(Records from a data collection)
───
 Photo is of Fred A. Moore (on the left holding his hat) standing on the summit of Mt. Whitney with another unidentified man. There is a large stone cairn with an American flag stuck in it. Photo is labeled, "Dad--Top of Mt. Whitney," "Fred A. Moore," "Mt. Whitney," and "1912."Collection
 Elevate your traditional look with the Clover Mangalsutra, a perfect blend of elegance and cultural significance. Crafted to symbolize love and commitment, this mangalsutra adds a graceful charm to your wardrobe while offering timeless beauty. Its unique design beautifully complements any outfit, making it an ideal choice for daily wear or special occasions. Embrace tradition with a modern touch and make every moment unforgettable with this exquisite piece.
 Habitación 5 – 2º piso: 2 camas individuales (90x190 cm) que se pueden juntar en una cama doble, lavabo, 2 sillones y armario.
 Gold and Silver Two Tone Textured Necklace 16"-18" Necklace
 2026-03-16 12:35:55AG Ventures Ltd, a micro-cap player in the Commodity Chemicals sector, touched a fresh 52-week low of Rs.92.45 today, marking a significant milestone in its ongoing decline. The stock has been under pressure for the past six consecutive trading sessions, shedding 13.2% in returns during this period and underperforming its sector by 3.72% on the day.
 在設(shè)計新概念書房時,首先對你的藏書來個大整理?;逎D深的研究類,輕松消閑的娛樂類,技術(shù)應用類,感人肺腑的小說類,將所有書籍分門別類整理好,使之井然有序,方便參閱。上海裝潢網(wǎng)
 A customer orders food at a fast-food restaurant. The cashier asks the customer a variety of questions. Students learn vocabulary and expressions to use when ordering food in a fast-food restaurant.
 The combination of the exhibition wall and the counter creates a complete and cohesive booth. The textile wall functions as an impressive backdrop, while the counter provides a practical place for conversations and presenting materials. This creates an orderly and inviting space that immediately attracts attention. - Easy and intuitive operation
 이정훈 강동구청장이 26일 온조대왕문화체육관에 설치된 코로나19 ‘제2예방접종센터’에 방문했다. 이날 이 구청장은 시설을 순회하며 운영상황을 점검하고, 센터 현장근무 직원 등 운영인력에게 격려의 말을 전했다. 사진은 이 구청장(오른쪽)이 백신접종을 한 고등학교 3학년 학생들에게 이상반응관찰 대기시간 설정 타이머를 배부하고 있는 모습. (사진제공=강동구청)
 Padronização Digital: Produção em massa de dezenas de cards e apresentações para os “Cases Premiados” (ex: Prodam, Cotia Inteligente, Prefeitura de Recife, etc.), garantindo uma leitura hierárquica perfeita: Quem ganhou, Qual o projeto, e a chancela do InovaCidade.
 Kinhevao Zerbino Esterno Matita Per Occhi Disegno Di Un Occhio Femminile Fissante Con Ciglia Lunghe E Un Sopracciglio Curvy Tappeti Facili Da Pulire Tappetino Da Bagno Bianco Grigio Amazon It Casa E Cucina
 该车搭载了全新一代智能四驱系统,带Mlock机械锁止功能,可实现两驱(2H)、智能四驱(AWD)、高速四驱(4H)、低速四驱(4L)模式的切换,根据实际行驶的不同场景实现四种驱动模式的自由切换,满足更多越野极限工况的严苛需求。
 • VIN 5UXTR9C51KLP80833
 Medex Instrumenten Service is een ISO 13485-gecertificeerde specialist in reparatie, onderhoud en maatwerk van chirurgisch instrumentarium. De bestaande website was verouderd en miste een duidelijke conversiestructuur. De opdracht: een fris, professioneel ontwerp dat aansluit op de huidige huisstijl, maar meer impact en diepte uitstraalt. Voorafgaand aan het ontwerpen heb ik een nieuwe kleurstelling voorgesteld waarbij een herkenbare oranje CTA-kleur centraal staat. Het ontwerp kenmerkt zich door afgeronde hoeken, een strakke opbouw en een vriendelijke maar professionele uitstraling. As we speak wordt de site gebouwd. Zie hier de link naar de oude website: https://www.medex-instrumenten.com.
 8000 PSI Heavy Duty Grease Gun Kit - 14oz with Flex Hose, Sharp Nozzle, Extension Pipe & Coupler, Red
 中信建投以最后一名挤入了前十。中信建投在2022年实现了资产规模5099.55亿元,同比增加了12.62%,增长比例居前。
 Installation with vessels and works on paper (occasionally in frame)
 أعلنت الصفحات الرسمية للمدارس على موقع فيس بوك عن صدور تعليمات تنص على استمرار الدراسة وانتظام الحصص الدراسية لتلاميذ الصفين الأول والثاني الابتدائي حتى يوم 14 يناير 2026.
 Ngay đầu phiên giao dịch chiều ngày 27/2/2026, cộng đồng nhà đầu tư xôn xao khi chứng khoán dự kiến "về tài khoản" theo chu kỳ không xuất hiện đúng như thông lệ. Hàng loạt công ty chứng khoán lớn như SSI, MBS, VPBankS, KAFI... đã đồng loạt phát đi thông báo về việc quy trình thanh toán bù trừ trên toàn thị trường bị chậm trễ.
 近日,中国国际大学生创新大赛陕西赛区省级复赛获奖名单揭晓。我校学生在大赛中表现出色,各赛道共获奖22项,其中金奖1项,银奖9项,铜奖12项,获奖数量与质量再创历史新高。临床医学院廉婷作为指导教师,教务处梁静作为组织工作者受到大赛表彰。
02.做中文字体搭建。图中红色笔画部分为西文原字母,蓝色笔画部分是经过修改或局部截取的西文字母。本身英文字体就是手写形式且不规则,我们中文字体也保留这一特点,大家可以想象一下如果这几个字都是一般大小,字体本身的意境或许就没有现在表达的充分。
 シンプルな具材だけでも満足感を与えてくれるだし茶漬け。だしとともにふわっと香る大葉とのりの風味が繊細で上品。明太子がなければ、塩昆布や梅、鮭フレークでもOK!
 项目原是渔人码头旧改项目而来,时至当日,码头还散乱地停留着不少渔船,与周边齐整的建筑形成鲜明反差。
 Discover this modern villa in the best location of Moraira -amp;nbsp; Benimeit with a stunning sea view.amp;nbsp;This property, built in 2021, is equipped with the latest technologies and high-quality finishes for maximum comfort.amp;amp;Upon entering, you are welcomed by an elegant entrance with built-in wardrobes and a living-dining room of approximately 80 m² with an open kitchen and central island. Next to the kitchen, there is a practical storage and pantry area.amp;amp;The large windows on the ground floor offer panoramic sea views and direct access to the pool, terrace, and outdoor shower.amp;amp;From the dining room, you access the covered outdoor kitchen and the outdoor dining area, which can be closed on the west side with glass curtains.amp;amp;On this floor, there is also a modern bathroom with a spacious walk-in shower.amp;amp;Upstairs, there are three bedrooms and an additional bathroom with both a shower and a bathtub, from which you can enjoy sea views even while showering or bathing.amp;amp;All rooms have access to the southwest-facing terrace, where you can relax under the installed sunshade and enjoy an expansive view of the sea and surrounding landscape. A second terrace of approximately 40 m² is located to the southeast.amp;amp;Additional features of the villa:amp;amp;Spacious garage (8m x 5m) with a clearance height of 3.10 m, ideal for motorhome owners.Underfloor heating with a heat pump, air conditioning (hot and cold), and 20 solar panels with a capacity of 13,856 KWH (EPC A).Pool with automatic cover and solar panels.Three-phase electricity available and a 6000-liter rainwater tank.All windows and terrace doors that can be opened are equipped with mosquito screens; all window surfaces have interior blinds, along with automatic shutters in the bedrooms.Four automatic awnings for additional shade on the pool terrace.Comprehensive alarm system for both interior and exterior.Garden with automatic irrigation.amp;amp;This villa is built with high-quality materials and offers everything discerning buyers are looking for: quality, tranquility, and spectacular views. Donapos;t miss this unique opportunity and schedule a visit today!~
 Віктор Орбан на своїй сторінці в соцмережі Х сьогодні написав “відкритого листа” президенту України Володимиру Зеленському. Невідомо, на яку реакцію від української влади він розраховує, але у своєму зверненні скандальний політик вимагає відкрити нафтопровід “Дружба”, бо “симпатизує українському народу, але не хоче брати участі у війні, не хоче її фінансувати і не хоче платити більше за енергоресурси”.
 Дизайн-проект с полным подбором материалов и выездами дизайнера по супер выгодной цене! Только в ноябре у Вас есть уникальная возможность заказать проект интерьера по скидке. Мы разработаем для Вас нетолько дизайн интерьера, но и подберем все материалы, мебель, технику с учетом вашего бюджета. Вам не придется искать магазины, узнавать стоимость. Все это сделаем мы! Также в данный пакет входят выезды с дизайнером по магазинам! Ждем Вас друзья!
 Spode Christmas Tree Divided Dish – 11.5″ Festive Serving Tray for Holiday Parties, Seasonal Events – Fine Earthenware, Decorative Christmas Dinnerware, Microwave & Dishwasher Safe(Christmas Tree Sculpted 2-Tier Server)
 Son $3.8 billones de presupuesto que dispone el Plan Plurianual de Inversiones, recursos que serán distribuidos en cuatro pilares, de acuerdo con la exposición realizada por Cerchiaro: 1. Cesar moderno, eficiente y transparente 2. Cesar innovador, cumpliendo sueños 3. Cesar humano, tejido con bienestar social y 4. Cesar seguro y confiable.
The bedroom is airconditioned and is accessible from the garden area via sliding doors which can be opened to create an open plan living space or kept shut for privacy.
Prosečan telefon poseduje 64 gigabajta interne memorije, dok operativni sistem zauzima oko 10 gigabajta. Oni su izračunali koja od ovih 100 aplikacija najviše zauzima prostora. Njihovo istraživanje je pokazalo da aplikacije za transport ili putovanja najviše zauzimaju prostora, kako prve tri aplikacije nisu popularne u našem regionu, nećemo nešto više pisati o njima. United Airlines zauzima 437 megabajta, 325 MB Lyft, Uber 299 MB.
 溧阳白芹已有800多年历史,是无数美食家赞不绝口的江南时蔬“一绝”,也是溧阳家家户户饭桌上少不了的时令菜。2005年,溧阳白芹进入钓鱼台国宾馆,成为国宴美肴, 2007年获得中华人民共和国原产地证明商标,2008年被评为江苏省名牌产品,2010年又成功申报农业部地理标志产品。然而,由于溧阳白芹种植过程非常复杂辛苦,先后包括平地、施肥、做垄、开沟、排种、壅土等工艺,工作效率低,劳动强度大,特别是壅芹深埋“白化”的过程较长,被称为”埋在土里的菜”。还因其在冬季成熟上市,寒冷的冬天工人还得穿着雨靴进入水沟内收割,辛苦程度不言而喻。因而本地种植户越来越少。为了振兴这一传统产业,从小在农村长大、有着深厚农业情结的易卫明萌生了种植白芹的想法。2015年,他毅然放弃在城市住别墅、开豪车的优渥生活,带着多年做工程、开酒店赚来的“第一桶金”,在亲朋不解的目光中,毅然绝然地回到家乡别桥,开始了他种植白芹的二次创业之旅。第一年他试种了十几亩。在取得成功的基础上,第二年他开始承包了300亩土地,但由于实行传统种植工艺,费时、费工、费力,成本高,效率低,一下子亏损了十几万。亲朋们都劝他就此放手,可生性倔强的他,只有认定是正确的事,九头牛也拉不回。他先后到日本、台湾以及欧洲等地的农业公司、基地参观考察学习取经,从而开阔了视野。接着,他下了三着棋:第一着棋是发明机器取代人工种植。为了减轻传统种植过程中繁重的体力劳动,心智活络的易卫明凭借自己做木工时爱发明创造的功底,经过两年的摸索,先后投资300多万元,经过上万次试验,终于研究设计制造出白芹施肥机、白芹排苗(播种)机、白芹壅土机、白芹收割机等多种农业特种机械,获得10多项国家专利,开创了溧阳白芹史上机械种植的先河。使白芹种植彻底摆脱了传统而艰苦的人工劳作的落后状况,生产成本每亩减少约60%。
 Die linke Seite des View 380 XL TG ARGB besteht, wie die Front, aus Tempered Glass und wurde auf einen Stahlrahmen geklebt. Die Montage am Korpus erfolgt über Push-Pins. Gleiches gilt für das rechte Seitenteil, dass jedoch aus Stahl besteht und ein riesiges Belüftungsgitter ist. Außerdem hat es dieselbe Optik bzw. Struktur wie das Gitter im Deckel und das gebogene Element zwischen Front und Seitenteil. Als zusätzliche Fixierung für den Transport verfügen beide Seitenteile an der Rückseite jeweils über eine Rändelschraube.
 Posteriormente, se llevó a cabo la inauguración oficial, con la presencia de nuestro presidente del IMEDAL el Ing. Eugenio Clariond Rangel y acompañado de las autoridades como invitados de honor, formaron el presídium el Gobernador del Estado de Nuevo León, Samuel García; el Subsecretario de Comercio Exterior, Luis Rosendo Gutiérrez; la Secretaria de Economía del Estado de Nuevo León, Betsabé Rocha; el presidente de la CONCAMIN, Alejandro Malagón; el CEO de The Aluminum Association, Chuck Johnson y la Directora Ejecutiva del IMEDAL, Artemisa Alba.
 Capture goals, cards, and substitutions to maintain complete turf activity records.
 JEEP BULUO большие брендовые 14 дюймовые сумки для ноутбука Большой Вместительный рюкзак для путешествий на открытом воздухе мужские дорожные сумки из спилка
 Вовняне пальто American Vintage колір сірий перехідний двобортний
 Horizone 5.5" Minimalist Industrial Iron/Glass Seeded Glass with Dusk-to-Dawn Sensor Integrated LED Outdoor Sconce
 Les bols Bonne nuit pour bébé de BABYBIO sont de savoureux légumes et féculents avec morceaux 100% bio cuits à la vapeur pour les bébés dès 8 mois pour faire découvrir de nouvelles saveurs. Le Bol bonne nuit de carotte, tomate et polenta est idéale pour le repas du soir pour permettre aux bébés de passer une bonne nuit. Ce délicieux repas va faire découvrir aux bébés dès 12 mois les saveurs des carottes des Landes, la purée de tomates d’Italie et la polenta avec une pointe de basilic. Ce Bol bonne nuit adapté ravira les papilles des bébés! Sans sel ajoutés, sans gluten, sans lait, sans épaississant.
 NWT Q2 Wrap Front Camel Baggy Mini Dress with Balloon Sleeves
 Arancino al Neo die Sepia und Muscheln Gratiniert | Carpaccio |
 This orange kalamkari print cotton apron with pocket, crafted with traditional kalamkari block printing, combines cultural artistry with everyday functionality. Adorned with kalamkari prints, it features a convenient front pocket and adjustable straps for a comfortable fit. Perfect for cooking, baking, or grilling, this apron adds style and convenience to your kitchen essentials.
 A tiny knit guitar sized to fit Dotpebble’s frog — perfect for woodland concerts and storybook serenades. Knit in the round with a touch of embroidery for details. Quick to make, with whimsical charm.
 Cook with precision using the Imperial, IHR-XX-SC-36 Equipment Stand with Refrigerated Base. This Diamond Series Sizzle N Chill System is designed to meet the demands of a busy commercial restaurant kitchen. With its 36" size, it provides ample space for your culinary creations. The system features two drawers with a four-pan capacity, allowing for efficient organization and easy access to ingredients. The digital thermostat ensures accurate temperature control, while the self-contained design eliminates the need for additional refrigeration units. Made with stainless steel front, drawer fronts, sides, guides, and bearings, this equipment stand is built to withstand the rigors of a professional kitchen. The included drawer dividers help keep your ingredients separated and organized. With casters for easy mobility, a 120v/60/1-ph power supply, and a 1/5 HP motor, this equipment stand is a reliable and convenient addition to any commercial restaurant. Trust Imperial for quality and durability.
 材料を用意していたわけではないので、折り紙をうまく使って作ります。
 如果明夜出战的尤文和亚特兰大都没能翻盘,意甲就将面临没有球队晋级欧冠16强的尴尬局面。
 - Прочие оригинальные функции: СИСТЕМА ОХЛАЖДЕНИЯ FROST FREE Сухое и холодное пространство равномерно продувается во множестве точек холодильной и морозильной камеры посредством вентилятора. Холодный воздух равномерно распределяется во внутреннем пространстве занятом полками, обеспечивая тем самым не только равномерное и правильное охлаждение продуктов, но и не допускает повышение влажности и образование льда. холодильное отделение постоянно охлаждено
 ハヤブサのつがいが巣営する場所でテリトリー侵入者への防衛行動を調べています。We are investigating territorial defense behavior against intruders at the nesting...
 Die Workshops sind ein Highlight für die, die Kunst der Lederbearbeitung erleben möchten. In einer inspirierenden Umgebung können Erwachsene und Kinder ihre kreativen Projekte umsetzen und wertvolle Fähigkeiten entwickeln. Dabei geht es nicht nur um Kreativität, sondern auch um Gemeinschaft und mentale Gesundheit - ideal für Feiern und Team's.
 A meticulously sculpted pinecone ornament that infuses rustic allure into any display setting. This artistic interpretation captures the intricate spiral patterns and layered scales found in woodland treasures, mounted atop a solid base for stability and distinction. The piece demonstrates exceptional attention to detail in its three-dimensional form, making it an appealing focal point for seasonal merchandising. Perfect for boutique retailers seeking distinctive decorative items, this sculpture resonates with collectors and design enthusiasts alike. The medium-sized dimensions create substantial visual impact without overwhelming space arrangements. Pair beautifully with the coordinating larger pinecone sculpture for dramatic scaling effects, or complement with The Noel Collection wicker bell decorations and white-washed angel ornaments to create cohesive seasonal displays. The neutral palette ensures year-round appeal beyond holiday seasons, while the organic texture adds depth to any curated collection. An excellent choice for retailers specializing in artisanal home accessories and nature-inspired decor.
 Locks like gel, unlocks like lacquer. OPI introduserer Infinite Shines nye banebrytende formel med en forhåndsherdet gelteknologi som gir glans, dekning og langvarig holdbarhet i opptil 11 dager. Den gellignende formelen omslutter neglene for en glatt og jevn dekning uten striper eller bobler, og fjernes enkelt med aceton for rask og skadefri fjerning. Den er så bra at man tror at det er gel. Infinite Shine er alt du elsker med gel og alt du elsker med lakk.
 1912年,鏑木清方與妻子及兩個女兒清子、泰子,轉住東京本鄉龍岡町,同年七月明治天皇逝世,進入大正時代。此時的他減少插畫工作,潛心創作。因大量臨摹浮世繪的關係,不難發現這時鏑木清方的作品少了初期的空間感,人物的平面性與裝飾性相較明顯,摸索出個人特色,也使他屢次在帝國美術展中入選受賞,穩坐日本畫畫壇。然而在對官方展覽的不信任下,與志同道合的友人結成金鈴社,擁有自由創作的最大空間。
───
* WORK ITEM *
Taking the records above, retype every line from the one with "2026-03-16 12:35:55AG Ventures" down to the one with "在設(shè)計新概念書房時", exactly and with nothing else.

* EXERCISE SOLUTION *
 2026-03-16 12:35:55AG Ventures Ltd, a micro-cap player in the Commodity Chemicals sector, touched a fresh 52-week low of Rs.92.45 today, marking a significant milestone in its ongoing decline. The stock has been under pressure for the past six consecutive trading sessions, shedding 13.2% in returns during this period and underperforming its sector by 3.72% on the day.
 在設(shè)計新概念書房時,首先對你的藏書來個大整理?;逎D深的研究類,輕松消閑的娛樂類,技術(shù)應用類,感人肺腑的小說類,將所有書籍分門別類整理好,使之井然有序,方便參閱。上海裝潢網(wǎng)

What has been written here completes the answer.